Time complexity = (n - k + 1) * Time complexity of counting unique elements using hash table in k size window = O(n) * k * O(1) = O(n*k). Note: the time complexity of searching and insertion in a hash table would be O(1) average.

Space complexity = O(k), for using the O(k) size hash table to count distinct elements in the k size window.

Now the critical question is can we solve this problem in a single scan without using extra memory? Can we use some additional insight from the problem to get the idea of an efficient solution?

From the observation of the problem, k size windows are placed linearly adjacent to each other. For example, the first window is [0, k-1], the second window is [1, k], the third window is [2, k+1], and so on. If we observe, in any k size window, the k-1 element would be the same as the previous adjacent window i.e. ignoring the first element of the previous window and including one new element at the end of it.

The idea behind a sliding window is: we can easily calculate the unique element count of any current window if we know the unique element count of the previous window. So we find the count of distinct elements in each window of size k by shifting the window by one right and using the computation done in the previous step.

Now the critical question is: how do we track the unique element count of the current window using the unique element count of the previous window?

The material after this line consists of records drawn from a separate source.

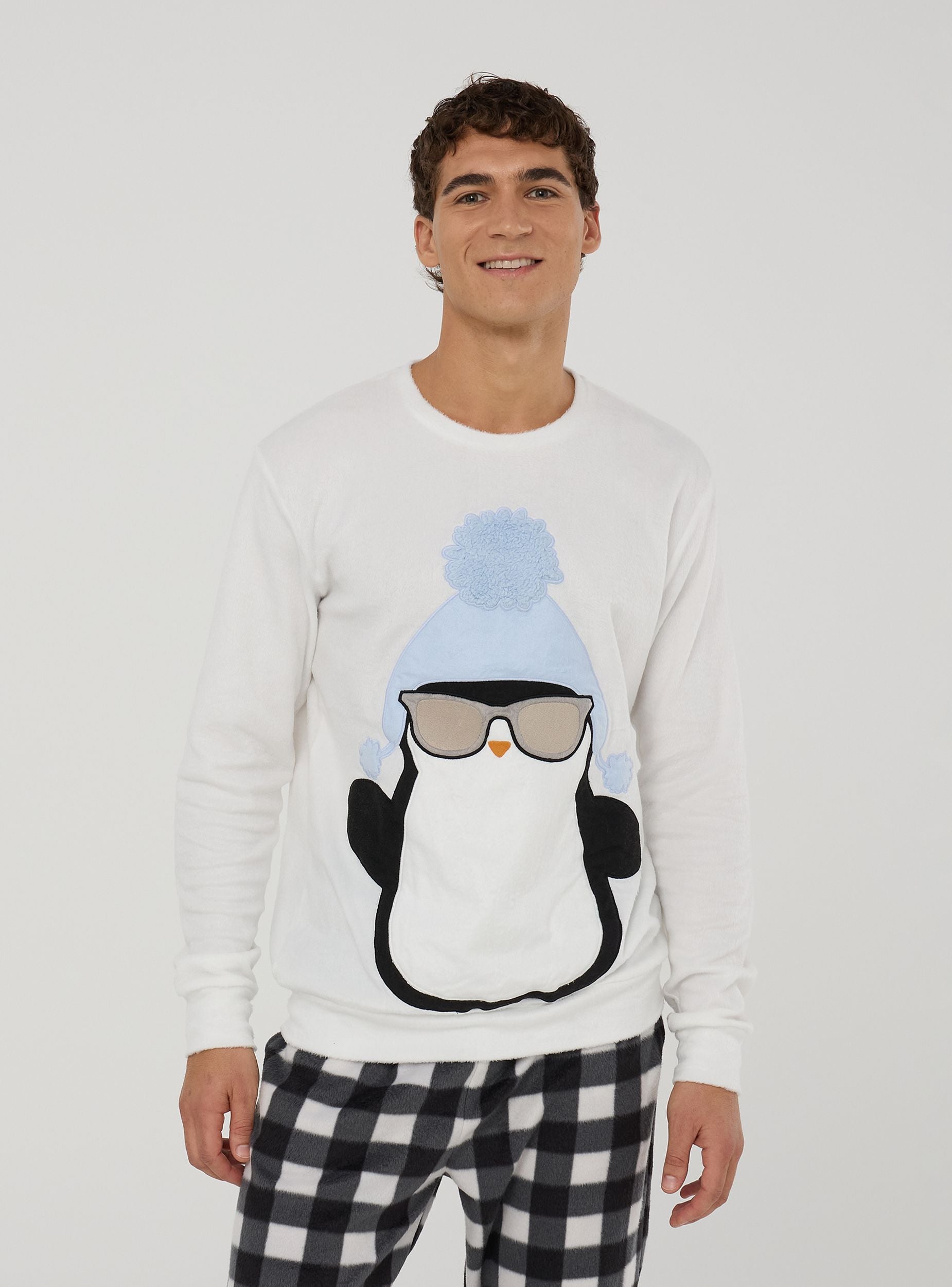 Piżama męskie składające się z długiego rękawa i długich spodni, idealne na zimne wieczory. Koszulka ma uroczy wzór z przodu przedstawiający pingwina w czapce z pomponem z sherpy i okulary przeciwsłoneczne. Spodnie, charakteryzujące się kratkowanym wzorem, zapewniają komfort i styl. Ten zestaw jest idealny dla tych, którzy szukają odrobiny sympatii i ciepła w swoim nocnym ubraniu. Doskonałe również jako pomysł na prezent.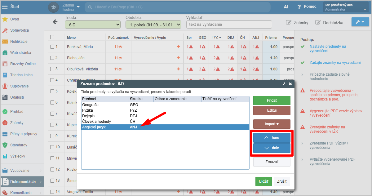 Ak chcete upraviť poradie predmetov, nastavte sa na predmet a šipkami hore-dole upravte jeho pozíciu.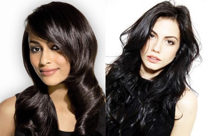 - Иссиня-черный подходит красавицам со смуглой кожей и длинными локонами.
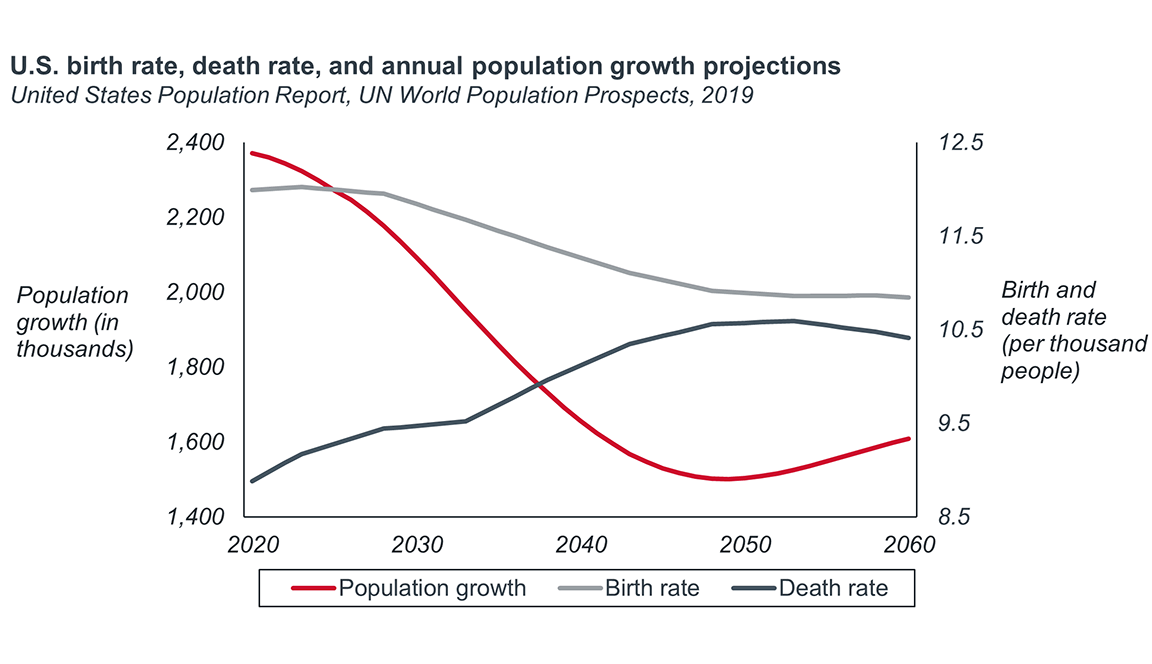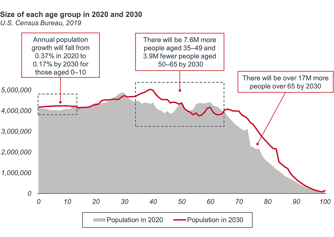 The U.S. population is expected to grow from 333 million today to 355 million people by 2030. Across this period, there will be three major population trends with implications for long-term health care utilization and planning. First, the U.S. population will become older, adding nearly 20 million baby boomers to the Medicare rolls. Second, there will be a dip in middle-aged people due to Generation X being smaller in size compared to the baby boomers it follows and the millennials it precedes. Third, there will be continued slowing of population growth as millennials opt for fewer children and birth rates continue to fall.

The idea is: we can use a hash table to store the frequency count of elements in each window. Suppose elements from i to i + k – 1 are stored in a hash table as an element-frequency pair. So for updating the Hash Map in range i + 1 to i + k, we reduce the frequency count of the ith element by one and increase the frequency of (i + k)th element by 1.

- We create an empty hash table
**freq**to store the element-frequency pair and Initialize the count of distinct elements to 0 i.e. distCount = 0. - Now we traverse the first window using a loop and store the frequency count of every element in the hash table. Also, keep updating the value of
**distCount**. By end of the loop, we store the distinct count for the first window. - Now we traverse through the remaining array and access each window of size k. For each window:
- We remove the first element of the previous window. If the removed element appeared only once in the hash table, we remove it from the hash table and decrease the
**distCount**by 1. Otherwise, that element appeared multiple times in the hash table, so we decrement its count. - Now we add a new element to the current window which would be the last element of the new window. If the added element is not present in the hash table, then we add it there and increase the distCount by one. Otherwise, the newly added element appeared multiple times, So we do not increment the distCount but update its frequency count in the hash table.
- By end of this process, we store the distinct count of the current window in the output.
- By end of the code, the distinct count of each window will get stored in the output array and we return it.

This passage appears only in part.